30 de enero de 2026
Progresos en Modelo hidráulico
Uno de los retos clave para la restauración ecológica de Doñana: recuperar la conectividad hidrológica entre el río Guadiamar y las marismas, reduciendo al mismo tiempo el transporte de sedimentos y contaminantes hacia el Atlántico
Modelización hidráulica y restauración de flujos en Doñana
El proyecto RIVERS-REST, en el marco del Pilot 5, aborda uno de los retos clave para la restauración ecológica de Doñana: recuperar la conectividad hidrológica entre el río Guadiamar y las marismas, reduciendo al mismo tiempo el transporte de sedimentos y contaminantes hacia el Atlántico . Este enfoque combina análisis histórico, modelización hidráulica avanzada y evaluación de eventos extremos para comprender el funcionamiento actual del sistema y definir medidas de gestión.
Históricamente, el Guadiamar desempeñaba un papel esencial en la dinámica hídrica de Doñana. Como se observa en el mapa histórico de 1948, el delta interior del río aportaba hasta el 60% de los recursos hídricos anuales de las marismas . Sin embargo, las transformaciones hidromorfológicas posteriores han alterado profundamente esta relación, reduciendo la entrada natural de agua fluvial.

Los análisis recientes, apoyados en imágenes satelitales (página 3), muestran que incluso durante eventos extremos, como la inundación de marzo de 2025, grandes volúmenes de agua quedan retenidos fuera del espacio protegido, afectando zonas agrícolas pero sin contribuir significativamente a la inundación de la marisma . Esto evidencia una desconexión funcional: antiguos cauces del Guadiamar permanecen aislados y la entrada de agua depende en gran medida de arroyos estacionales, mientras que infraestructuras como el Caño Travieso resultan insuficientes para garantizar un aporte efectivo.
Desde el punto de vista metodológico, el proyecto desarrolla modelos de transformación lluvia-escorrentía y propagación de flujos sobre modelos digitales del terreno (MDT). Sin embargo, los resultados preliminares ponen de manifiesto limitaciones importantes en la calidad de los datos topográficos. En particular, el MDT de 2 m presenta “franjas” artificiales derivadas de errores en los solapes fotogramétricos (página 5), que generan depresiones o elevaciones ficticias y alteran significativamente la simulación hidráulica .
Estas distorsiones se reflejan claramente en los perfiles longitudinales (página 6) y en las simulaciones de inundación (página 7), donde el agua tiende a acumularse en dichas anomalías, produciendo resultados poco realistas.

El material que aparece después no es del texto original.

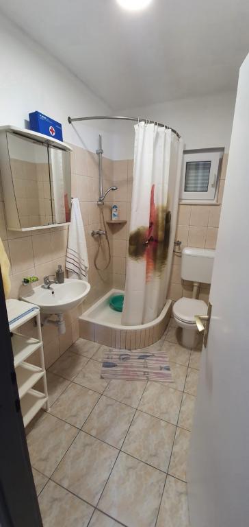 Remek, hűvös hely. Gyönyörű kilátások. Gyönyörű, tiszta és nagyon kényelmes apartman, jól felszerelt és ízléses. Nagyon kedves házigazdák, nagyon segítőkészek. A strand nagyon közel van, napozóágyakkal és zseniális napernyővel felszerelt. Meleg víz. Csodálatos és nagyon ritka lehetőség Horvátországban sétálni a tengerparton. Vásárolni a közeli önkiszolgáló üzletben vagy a standokon lehet. Szívből ajánljuk. Biztosan visszamegyünk oda.
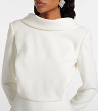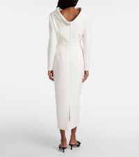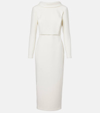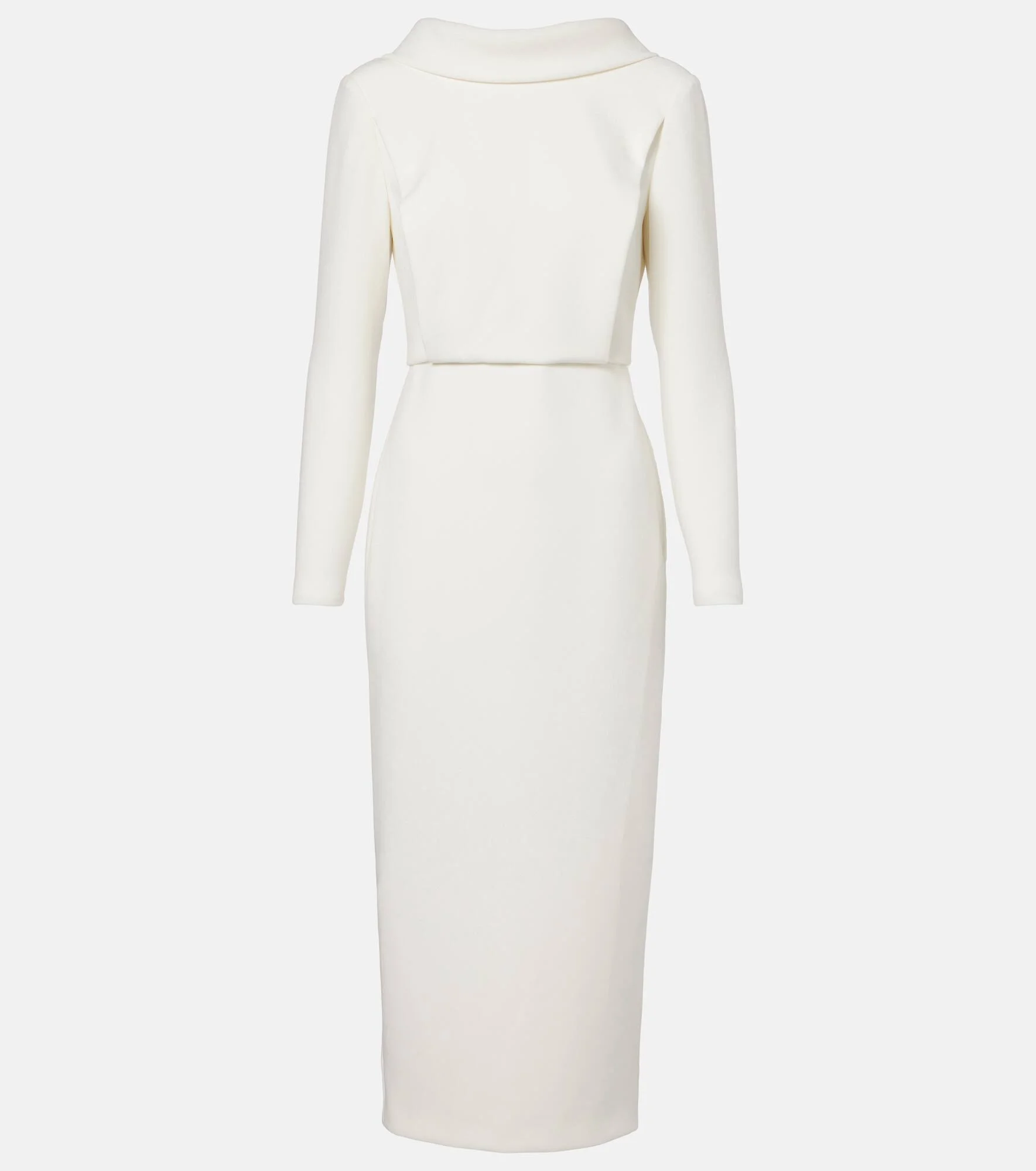 This midi dress by Roland Mouret is crafted from crepe, creating a sophisticated, minimalist staple perfect for your next unforgettable occasion. The design features long sleeves, a folded collar, a short vent, and a concealed zip closure. Product Details - Material: 86% polyester, 10% viscose, 4% elastane - Care instructions: dry clean - Made in China - Designer color name: Cream - Item color: white - Closure: zipped back - Long vent - Item number: P01104676 Size & Fit - True to size - Shoulder pad inserts - Cinched waist - Non-stretchy fabric - slit length 30cm-12" - The model seen in the picture is 178cm-5'10" and wearing a size UK 6

La comparación entre modelos de distinta resolución (50 m y 100 m) confirma la sensibilidad del sistema a pequeñas variaciones altimétricas, especialmente en un territorio de baja pendiente como Doñana.
Otro aspecto crítico es la representación de infraestructuras hidráulicas. Tal como se muestra en la página 9, la ausencia de elementos como pasos, vados o drenajes en los modelos puede alterar de forma sustancial los resultados. La inclusión de estructuras simplificadas (como un culvert) modifica notablemente los patrones de flujo, lo que evidencia la necesidad de disponer de un inventario detallado y datos geométricos precisos.
En conjunto, el Pilot 5 pone de relieve que la restauración hidrológica de Doñana no depende únicamente de intervenciones físicas, sino también de una mejora sustancial en la calidad de los datos y en la capacidad de modelización. La recuperación de conexiones fluviales, junto con herramientas de simulación fiables, permitirá avanzar hacia una gestión adaptativa que restablezca los hidroperiodos naturales y mejore la resiliencia del ecosistema.